The experience exposed him to the rigor required to build highly distributed, secure, and scalable systems. Working in an environment where reliability was non-negotiable, Bhartia implemented best practices across system design — from observability and fault tolerance to achieving up to five nines (99.999%) uptime. These were not theoretical benchmarks, but operational realities that demanded precision in execution.

A key area of his work involved solving complex identity verification challenges. By triangulating data across multiple sources, he helped design systems capable of determining user identity with extremely high accuracy across millions of applicants — a critical requirement in modern financial infrastructure that significantly helped reduce the cost of business operations.

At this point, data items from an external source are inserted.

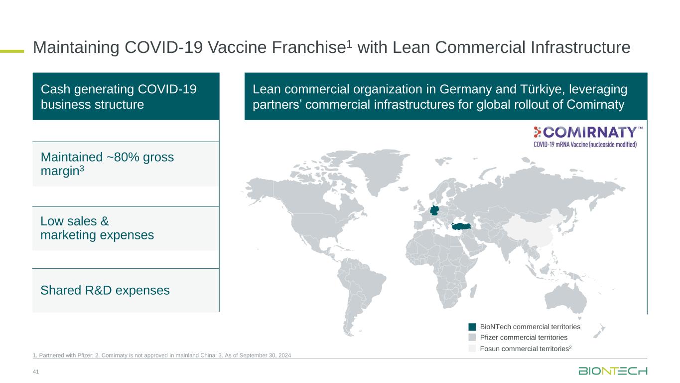 BioNTech is in Transition to a Multi-Product Commercial Oncology Company 40 Partnered with: 1. Pfizer; 2. DualityBio; 3. Biotheus; 4. Genentech, a member of the Roche Group; Patient numbers sourced from DRG; LCM = Lifecycle Management. Strategic launch sequence for oncology portfolio Comirnaty1 LCM >4.9 billion doses distributed Expand >400K patients Launch ~50K patients Establish 200K – 300K patients ’2026-’2027 ’2028+’2021 Comirnaty1 BNT327/PM80023 + ADC combinations Autogene cevumeran4 (Adj. PDAC, Adj. MIUC) Novel-novel combinations BNT327/PM80023 (1L SCLC, 1L NSCLC, 1L TNBC) Autogene cevumeran3 (Adj. CRC) BNT323/DB-13032 (2L EC and 2L BC)
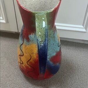 Add a splash of color to your home with this vibrant ceramic pitcher. Featuring a stunning blend of red, blue, green, and yellow, this piece is perfect for art lovers.
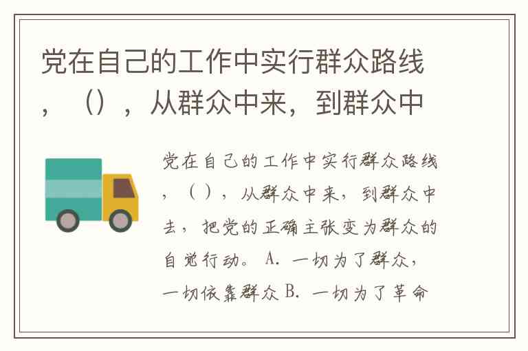 党在自己的工作中实行群众路线,(),从群众中来,到群众中去,把党的正确主张变为群众的自觉行动。 A. 一切为了群众,一切依靠群众 B. 一切为了革命,一切依靠群众 C. 一切为了建设,一切依靠群众
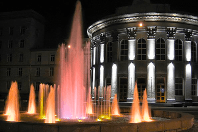 Музичний фонтан в Черкасах вночі

In parallel, he contributed to underwriting engines that evaluated and processed hundreds of millions of dollars in loans annually. These systems required balancing risk, performance, and scalability, while operating in real-time environments with strict accuracy constraints.

This phase of Bhartia's career deepened his understanding of building systems not just for functionality, but for resilience and trust at scale — shaping his approach to engineering as one grounded in reliability, precision, and long-term thinking.

Driving Engineering Solutions At Pump

Currently, Bhartia serves as the founding software engineer at Pump, a company focused on helping modern businesses control their cloud spending. This has grown to be a problem as many companies see their infrastructure costs balloon as they continue to scale, with the costs sometimes threatening to surge faster than revenue.

Pump set out to solve that, not by building another dashboard, but by making the cloud itself more efficient. The company integrates directly with clients' existing cloud accounts (like AWS, Azure, and GCP) to study usage patterns. Its systems use predictive AI models to stay ahead of growing demand and proceed to recommend or execute optimisations in real-time, helping firms save significant sums without altering their workflows.

As the architect behind much of Pump's core technology, Bhartia is in charge of leading a team that operates across data science, infrastructure, and product strategy. He oversees the systems that scan through terabytes of cloud usage data, model cost behavior, and automatically apply optimisations at scale.

Beyond building software, Bhartia leads the engineering team with a calm, principle-driven style that pushes for technical excellence. He believes that the best engineering cultures are built on clarity and shared understanding. Each decision is treated with key parameters in mind, like what serves the system, the people, and the long-term direction of the company. 'There's no one playbook', he says. 'You use first principles: think deeply about the pros and cons, the team, the stack, the environment, the strengths and weaknesses, and then you analyse specifics and decide.'

A Philosophy of Thoughtful Building

For Bhartia, engineering is less about mastery than about mindfulness. He sees his role not as the person who writes the code, but as the one who makes sense of it — someone who connects logic with intention. The act of building, to him, is an ongoing challenge to better grasp how decisions affect backend systems, engineers, and end users in equal measure, and to have that understanding be reflected in the final product. He believes that real progress depends on thinking slowly enough to see clearly.

'I try to look at every problem from as many angles as possible', he says. 'Understand what we're really optimising for, be honest about trade-offs, and let the solution brew until it feels inevitable.'

This belief is shown across his career. Each venture, from his early chatbot experiments to leading engineering at Pump, marks a step in Bhartia's evolution from fast builder to thoughtful system designer. Shrivant Bhartia approaches engineering as a practice of reasoning: one grounded in patience, thoughtfulness, and the belief that the best technical ideas come from understanding, not urgency.